Principais Questões Respondidas no Relatório
Qual é o tamanho atual do mercado de armas automáticas?
O mercado de armas automáticas está em USD 9,63 bilhões em 2026 e está projetado para atingir USD 13,81 bilhões até 2031.
Qual região está crescendo mais rapidamente nas aquisições de armas automáticas?
A Ásia-Pacífico apresenta o maior crescimento com um CAGR de 8,74%, impulsionado pela modernização na China, Índia, Japão e Coreia do Sul.
Por que os Canhões Automáticos são o tipo de arma de crescimento mais rápido?
Os programas navais e de defesa aérea favorecem canhões de 30–40 mm com munições de detonação aérea que neutralizam drones e blindagem leve, produzindo um CAGR de 8,32%.
Como os riscos da cadeia de suprimentos estão afetando os fabricantes?
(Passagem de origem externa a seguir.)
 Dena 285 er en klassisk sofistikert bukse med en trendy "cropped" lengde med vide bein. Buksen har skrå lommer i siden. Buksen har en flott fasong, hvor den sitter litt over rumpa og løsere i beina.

A dependência do processamento de terras raras chinês e a capacidade limitada de aço para canos adicionam risco de custo e cronograma, levando os governos a relocalizar a produção.
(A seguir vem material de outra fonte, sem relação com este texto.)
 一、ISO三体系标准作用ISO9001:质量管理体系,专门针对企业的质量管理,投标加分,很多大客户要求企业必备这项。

Qual é o papel das Forças de Operações Especiais na inovação?
As unidades de FOE adotam sistemas leves e de alto calibre antecipadamente, validando novos materiais e miras de IA que posteriormente se difundem para a infantaria convencional.
As óticas habilitadas por IA estão se tornando padrão?
Sim. Contratos como a mira SMASH 2000L para o Exército dos EUA mostram que miras inteligentes capazes de rastrear drones automaticamente estão passando de protótipos para uso em campo.